The resulting summary was quite good, providing a clear and easy-to-grasp overview, which looked like this:

Dig-A-Hole's Terms of Service basically say:

* Digging Holes: You can dig holes at their facility for fun and stress relief. They offer a free trial dig, then you need a monthly subscription. You can also rent shovels.
* The Agreement: By using their services, you agree to these rules.
* Subscriptions: Subscriptions are monthly and you have to pay for the whole month even if you cancel early. The price is on their website or at the facility.
* Shovel Rental: You can rent shovels for an extra fee and you're responsible for any damage beyond normal wear and tear.
...

While this was clear, it felt a little… formal. I wanted to inject some personality and make it more approachable.

Make it Friendlier. Enter Few-Shot Prompt!

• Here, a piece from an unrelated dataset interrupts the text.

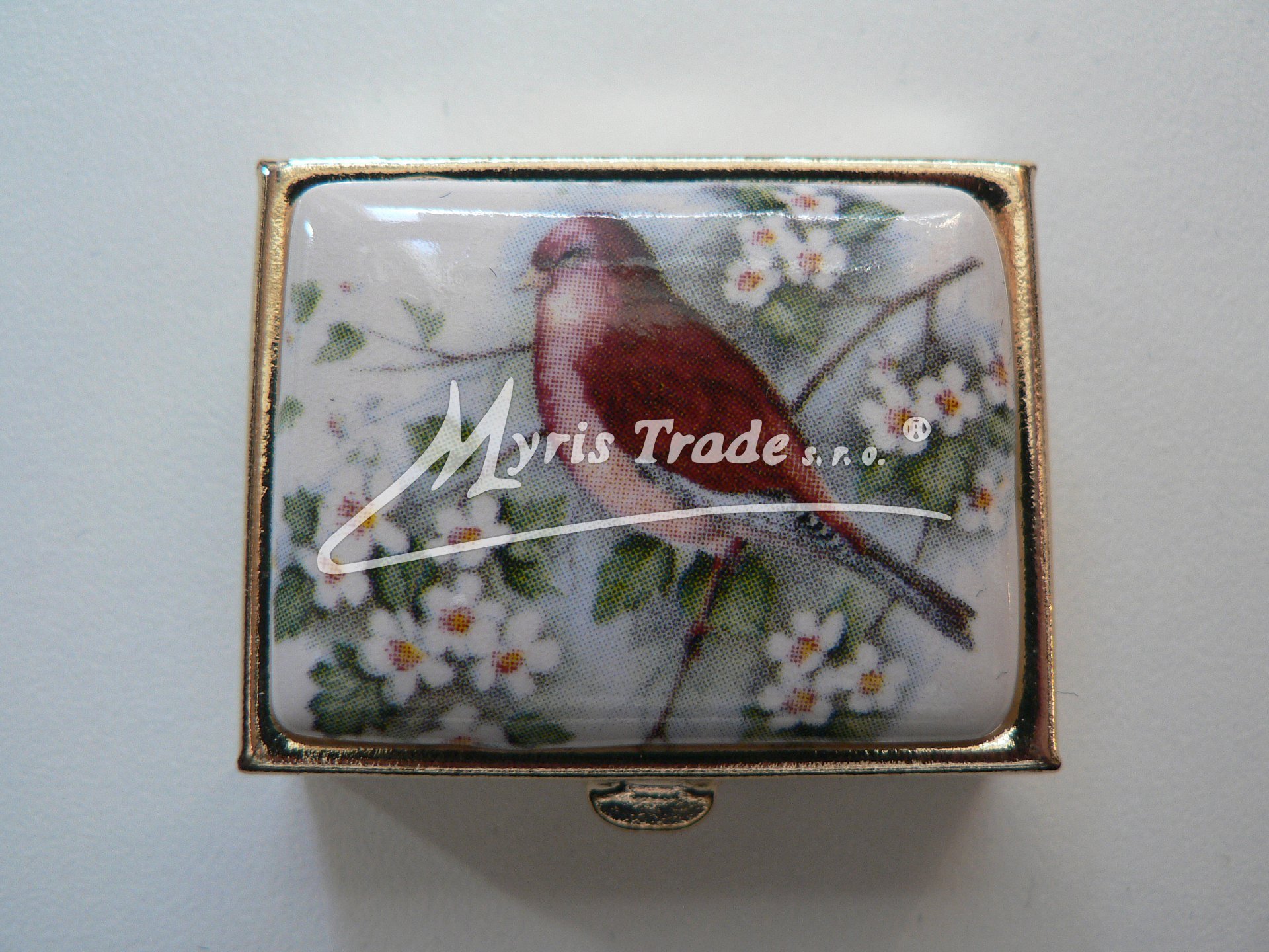 klasická obdélníková lékovka je vyrobena z kovu zlaté barvy s porcelánovým víčkem s motivem ptáčků

One of the cool techniques I picked up during the Gen AI Intensive Course was “Few-Shot Prompting.” It’s like giving Gemini a few examples to learn from, showing it the style and tone you’re aiming for. I wanted the translations to be more casual and friendly, sprinkled with some relevant emoji. So, I provided Gemini with a few examples like this:

few_shot_prompt = """
Here are some examples of how to translate legal terms of service and their friendly summaries using emoji:

Original: "We reserve the right to accept or refuse membership in our discretion." 
Translated: "We get to say yay 👍 or nay 👎 to memberships, just because we can💪!"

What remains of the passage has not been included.